- **What the task asks**
For the listing that follows, give again exactly the lines from the one with "Comprising built-in WC" to the one with "Карман-сетка под телефон", including both.

- **Material for this exercise**
☆ ☆ ☆ ☆ ☆ ☆ ☆

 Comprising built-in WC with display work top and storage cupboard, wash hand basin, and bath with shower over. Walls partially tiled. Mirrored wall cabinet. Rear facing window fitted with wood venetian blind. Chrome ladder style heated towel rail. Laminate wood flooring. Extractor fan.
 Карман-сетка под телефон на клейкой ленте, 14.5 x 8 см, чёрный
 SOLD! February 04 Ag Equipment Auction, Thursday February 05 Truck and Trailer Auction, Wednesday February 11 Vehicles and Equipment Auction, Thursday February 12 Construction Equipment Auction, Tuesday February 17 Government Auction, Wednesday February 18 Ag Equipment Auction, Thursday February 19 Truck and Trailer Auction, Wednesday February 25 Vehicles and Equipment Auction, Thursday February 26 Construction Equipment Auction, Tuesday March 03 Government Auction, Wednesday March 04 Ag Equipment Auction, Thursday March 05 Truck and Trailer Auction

☆ ☆ ☆ ☆ ☆ ☆ ☆

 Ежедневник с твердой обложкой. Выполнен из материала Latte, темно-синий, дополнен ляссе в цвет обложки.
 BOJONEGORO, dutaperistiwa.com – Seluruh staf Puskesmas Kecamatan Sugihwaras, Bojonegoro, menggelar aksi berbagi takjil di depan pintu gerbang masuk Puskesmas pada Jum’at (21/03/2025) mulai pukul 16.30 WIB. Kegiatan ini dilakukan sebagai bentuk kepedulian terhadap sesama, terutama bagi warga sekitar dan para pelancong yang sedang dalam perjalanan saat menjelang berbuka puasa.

☆ ☆ ☆ ☆ ☆ ☆ ☆

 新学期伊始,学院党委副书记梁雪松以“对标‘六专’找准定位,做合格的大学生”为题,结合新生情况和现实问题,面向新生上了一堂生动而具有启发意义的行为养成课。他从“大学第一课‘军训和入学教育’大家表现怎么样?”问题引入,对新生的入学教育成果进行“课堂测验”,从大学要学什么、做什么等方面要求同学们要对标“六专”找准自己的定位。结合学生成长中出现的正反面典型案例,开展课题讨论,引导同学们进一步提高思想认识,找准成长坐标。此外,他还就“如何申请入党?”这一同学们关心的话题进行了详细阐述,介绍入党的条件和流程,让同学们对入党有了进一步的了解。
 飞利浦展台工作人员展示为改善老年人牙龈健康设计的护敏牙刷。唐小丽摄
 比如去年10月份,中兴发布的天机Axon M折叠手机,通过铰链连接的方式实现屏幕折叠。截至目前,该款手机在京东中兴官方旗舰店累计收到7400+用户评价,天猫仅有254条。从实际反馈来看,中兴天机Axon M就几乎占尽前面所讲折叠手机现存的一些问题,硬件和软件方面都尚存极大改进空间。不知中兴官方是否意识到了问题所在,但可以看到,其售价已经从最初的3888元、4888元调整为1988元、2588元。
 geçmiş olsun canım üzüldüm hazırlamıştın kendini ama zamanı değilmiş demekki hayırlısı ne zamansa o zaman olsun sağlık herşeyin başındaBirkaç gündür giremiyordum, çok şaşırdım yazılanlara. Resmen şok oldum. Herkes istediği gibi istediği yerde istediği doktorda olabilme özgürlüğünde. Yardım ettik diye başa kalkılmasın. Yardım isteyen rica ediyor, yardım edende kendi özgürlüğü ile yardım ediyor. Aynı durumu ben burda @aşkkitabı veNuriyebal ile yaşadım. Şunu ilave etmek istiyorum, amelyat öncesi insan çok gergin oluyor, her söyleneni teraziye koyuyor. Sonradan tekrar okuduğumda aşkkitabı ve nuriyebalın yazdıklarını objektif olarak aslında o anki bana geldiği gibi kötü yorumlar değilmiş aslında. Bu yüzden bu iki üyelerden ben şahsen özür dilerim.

☆ ☆ ☆ ☆ ☆ ☆ ☆

- **Exercise result**
 Comprising built-in WC with display work top and storage cupboard, wash hand basin, and bath with shower over. Walls partially tiled. Mirrored wall cabinet. Rear facing window fitted with wood venetian blind. Chrome ladder style heated towel rail. Laminate wood flooring. Extractor fan.
 Карман-сетка под телефон на клейкой ленте, 14.5 x 8 см, чёрный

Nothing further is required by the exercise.